**WHAT THE TASK ASKS**
Each line of the data must reappear exactly in your answer, with no images included.

[Records contained in a dataset]
^^^^^^^^
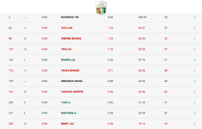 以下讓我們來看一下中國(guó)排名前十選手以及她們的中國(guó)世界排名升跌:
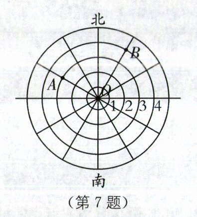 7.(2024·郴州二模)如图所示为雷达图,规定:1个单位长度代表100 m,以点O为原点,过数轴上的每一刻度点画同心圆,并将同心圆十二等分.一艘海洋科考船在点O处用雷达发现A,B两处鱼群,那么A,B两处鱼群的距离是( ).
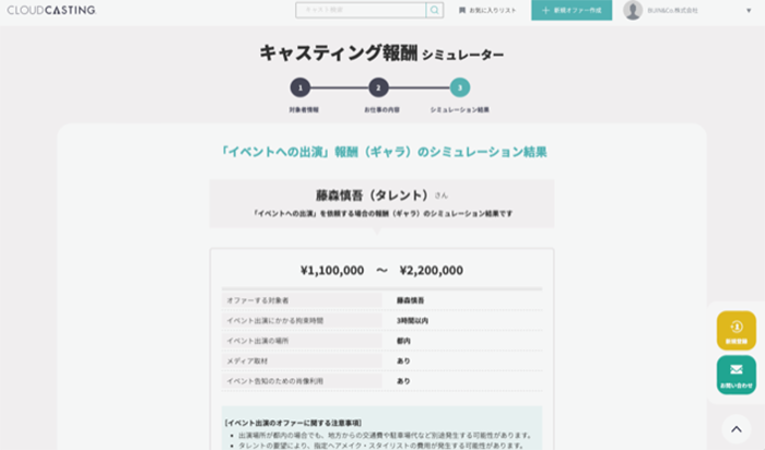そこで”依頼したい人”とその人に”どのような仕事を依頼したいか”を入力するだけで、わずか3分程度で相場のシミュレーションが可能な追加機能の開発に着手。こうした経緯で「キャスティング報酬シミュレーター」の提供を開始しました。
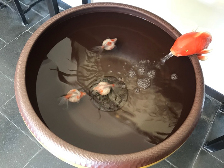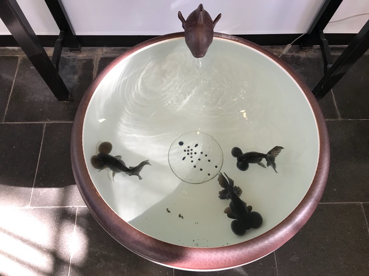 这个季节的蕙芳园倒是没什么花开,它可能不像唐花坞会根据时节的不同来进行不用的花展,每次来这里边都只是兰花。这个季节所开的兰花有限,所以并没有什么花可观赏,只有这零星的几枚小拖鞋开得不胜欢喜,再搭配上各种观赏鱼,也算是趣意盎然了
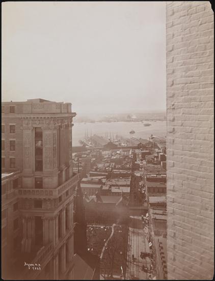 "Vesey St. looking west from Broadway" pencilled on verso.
^^^^^^^^
**ANSWER TO THE PROBLEM**
 以下讓我們來看一下中國(guó)排名前十選手以及她們的中國(guó)世界排名升跌:
 7.(2024·郴州二模)如图所示为雷达图,规定:1个单位长度代表100 m,以点O为原点,过数轴上的每一刻度点画同心圆,并将同心圆十二等分.一艘海洋科考船在点O处用雷达发现A,B两处鱼群,那么A,B两处鱼群的距离是( ).
そこで”依頼したい人”とその人に”どのような仕事を依頼したいか”を入力するだけで、わずか3分程度で相場のシミュレーションが可能な追加機能の開発に着手。こうした経緯で「キャスティング報酬シミュレーター」の提供を開始しました。
 这个季节的蕙芳园倒是没什么花开,它可能不像唐花坞会根据时节的不同来进行不用的花展,每次来这里边都只是兰花。这个季节所开的兰花有限,所以并没有什么花可观赏,只有这零星的几枚小拖鞋开得不胜欢喜,再搭配上各种观赏鱼,也算是趣意盎然了
 "Vesey St. looking west from Broadway" pencilled on verso.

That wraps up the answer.